Finally, endothelial cells, which are crucial in maintaining blood-brain barrier integrity [39, 40], show enrichment of up-regulated DEGs in cytoskeleton organization (GO:0007010) and actin filament-based process (GO:0030029) (Table S12).

Importantly, some CI-DEGs highlight protein translation as a top perturbed biological pathway. Down-regulated microglial consensus CI-DEGs show enrichment in processes involved in protein translation (GO:0006614 and GO:0006613), which include ribosomal protein encoding genes [41,42,43] (Table S15). Similarly, down-regulated endothelial consensus CI-DEGs also harbor ribosomal protein encoding genes, with enrichment in protein translation related GO processes (GO:0006413 and GO:0006613) (Table S17).

Comparison of CI-DEGs from computational deconvolution vs. snRNAseq

We determined the extent to which each of the three computational deconvolution algorithms could detect CI-DEGs from bulk tissue by comparison of their results with those obtained in a published snRNAseq study [19]. The ROSMAP dataset utilized in our study has both bulk RNAseq from DLPFC (bulk-DLPFC) as well as snRNAseq (snDLPFC) in a subset of its participants [19]. We compared the bulk-DLPFC data deconvoluted with three different algorithms with the published snDLPFC [19] data. Endothelial CI-DEGs were not available from the snRNAseq study, therefore overlap of results could be assessed only for four cell types.
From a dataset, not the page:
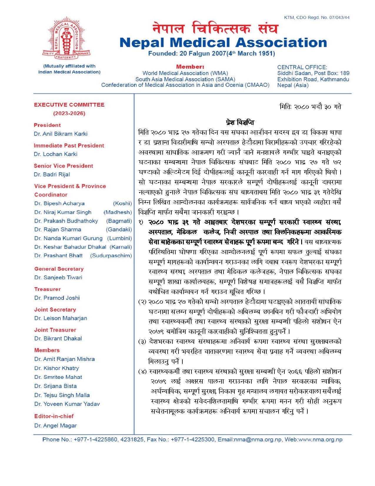 संघका अध्यक्ष डा. अनिलविक्रम कार्की र महासचिव डा. सञ्जीव तिवारीले संयुक्त रूपमा जारी गरेको विज्ञप्तिमा चिकित्सकमाथि कुटपिटको घटनाको छानबिन गरी दोषीलाई अविलम्ब फौजदारी अभियोग तथा स्वास्थ्यकर्मी तथा स्वास्थ्य संस्था सुरक्षासम्बन्धी पहिलो संशोधन ऐन २०७९ बमोजिम कारबाहीको सुनिश्चितता गर्न माग गरिएको छ।

We tested the overlap between the top CI-DEGs for each cell type obtained from deconvoluted bulk-DLPFC and those from snDLPFC ranked by their p values (Fig. 4a). We evaluated the overlap for a range of top CI-DEGs up to top 1000 genes. Overlap for CI-DEGs that are either up (Fig. 4a, upper panel) or down (Fig. 4 a, lower panel) in AD were assessed separately. Hence, overlapping genes had both similar ranks and direction of effect in both deconvoluted bulk-DLPFC and snDLPFC analyses. We established the significance of overlap using simulations for a range of top ranked genes (N = 200, 600 and 1000) (Table S18).

Fig. 4
figure 4

Comparison of CI-DEGs from computational deconvolution with CI-DEGs from snRNAseq on DLPFC dataset. a. Upper panel: number of overlapping genes (y-axis) between the top N (x-axis) up-regulated genes in snDLPFC and top N up-regulated genes from bulk-DLPFC deconvoluted with PSEA, WLC and CellCODE, respectively. Lower panel: number of overlapping genes (y-axis) between the top N (x-axis) down-regulated genes in snDLPFC and top N down-regulated genes from deconvoluted bulk-DLPFC. b. Venn diagram of CI-DEGs from computational deconvolution methods and those from snRNAseq. Overlap is evaluated for both bulk-DLPFC and snDLPFC CI-DEGs detected at nominal p value ≤0.05

Neuronal CI-DEGs retained their significance of overlap across all comparisons and for all algorithms, except for the top 1000 up-regulated neuronal CI-DEGs deconvoluted with PSEA. Microglial CI-DEGs had the least numbers of significant overlap for their top ranked genes. Astrocytic and oligodendrocytic top ranked CI-DEGs had significance of overlap between the neuronal and microglial results (Table S18). These findings are reflective of the abundance of these cell types, with the most abundant neurons having the most overlap for the top ranked CI-DEGs between deconvoluted bulk-DLPFC and snDLPFC.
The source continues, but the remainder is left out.